TASK PROMPT
From the line with "RIGEL WHITE G074" to the line with "The gardens of Rousham House", output every line below exactly, both ends included. Skip the pictures.

*-*-*

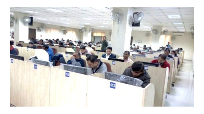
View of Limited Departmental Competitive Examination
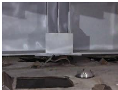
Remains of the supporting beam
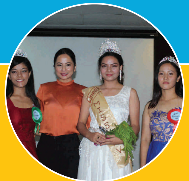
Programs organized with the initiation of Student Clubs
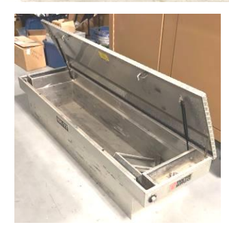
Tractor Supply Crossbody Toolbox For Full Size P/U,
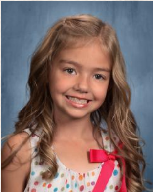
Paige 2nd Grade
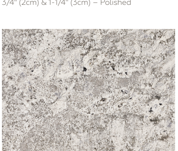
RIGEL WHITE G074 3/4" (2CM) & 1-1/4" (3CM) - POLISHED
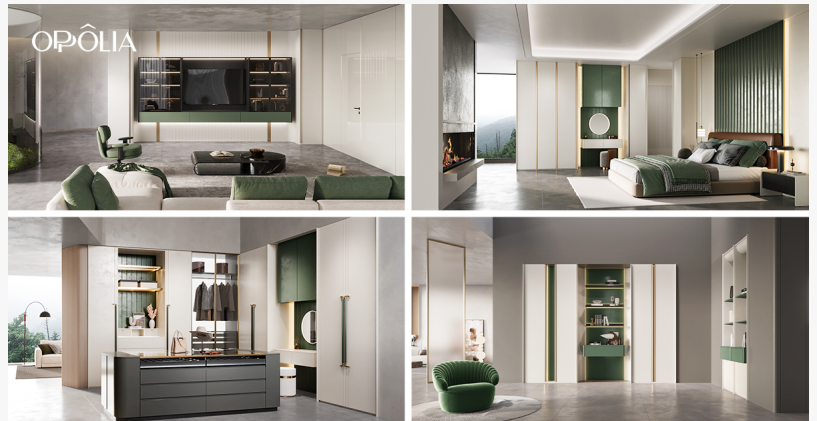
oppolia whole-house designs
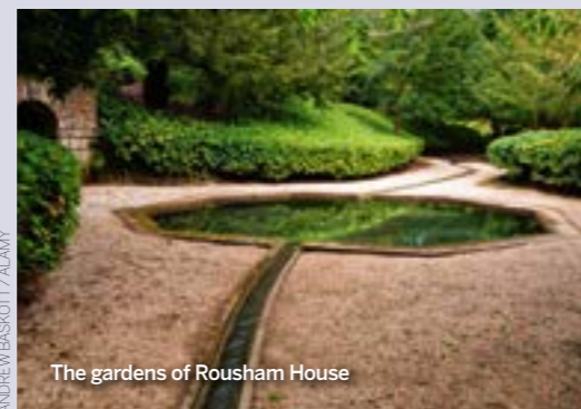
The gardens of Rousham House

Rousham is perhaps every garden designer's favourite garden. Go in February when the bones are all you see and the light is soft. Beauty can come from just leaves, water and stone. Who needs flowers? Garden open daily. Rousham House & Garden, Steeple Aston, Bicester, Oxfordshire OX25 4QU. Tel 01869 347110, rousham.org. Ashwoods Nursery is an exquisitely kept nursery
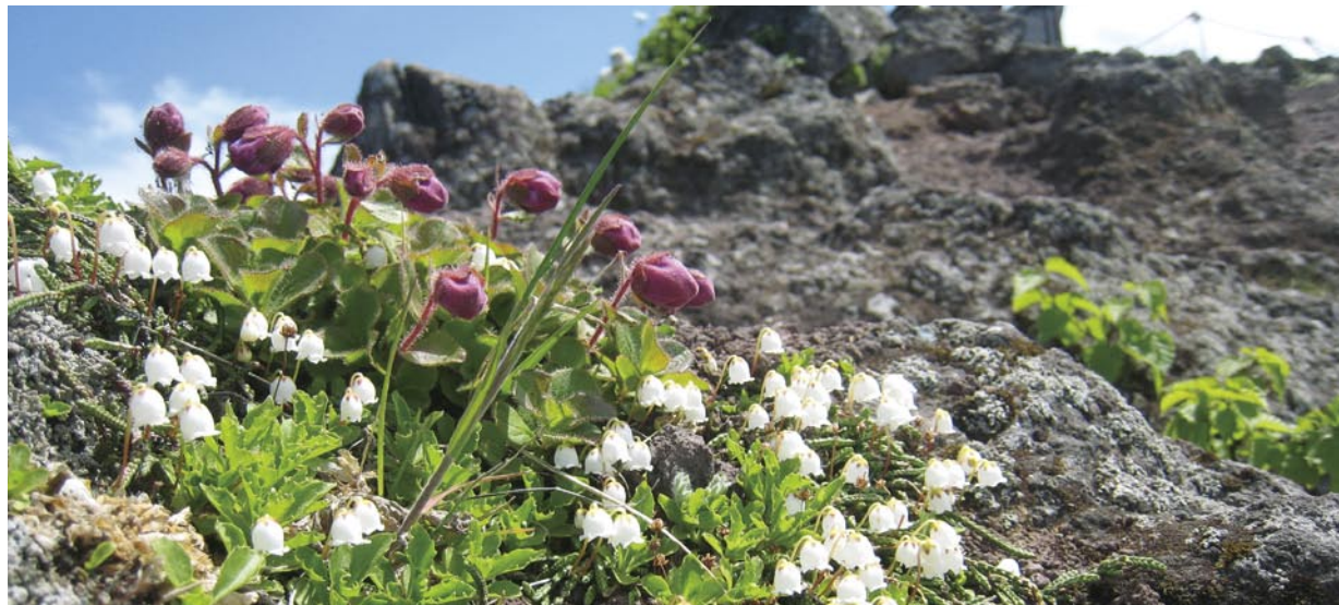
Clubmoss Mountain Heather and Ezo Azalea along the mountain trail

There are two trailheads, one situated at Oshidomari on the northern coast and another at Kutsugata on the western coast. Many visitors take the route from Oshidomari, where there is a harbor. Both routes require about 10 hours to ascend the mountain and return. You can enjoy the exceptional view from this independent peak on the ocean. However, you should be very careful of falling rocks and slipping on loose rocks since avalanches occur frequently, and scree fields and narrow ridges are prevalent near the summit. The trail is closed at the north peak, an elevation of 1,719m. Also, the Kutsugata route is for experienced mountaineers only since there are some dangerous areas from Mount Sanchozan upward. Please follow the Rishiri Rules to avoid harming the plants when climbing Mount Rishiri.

*-*-*

ANSWER
RIGEL WHITE G074 3/4" (2CM) & 1-1/4" (3CM) - POLISHED
oppolia whole-house designs
The gardens of Rousham House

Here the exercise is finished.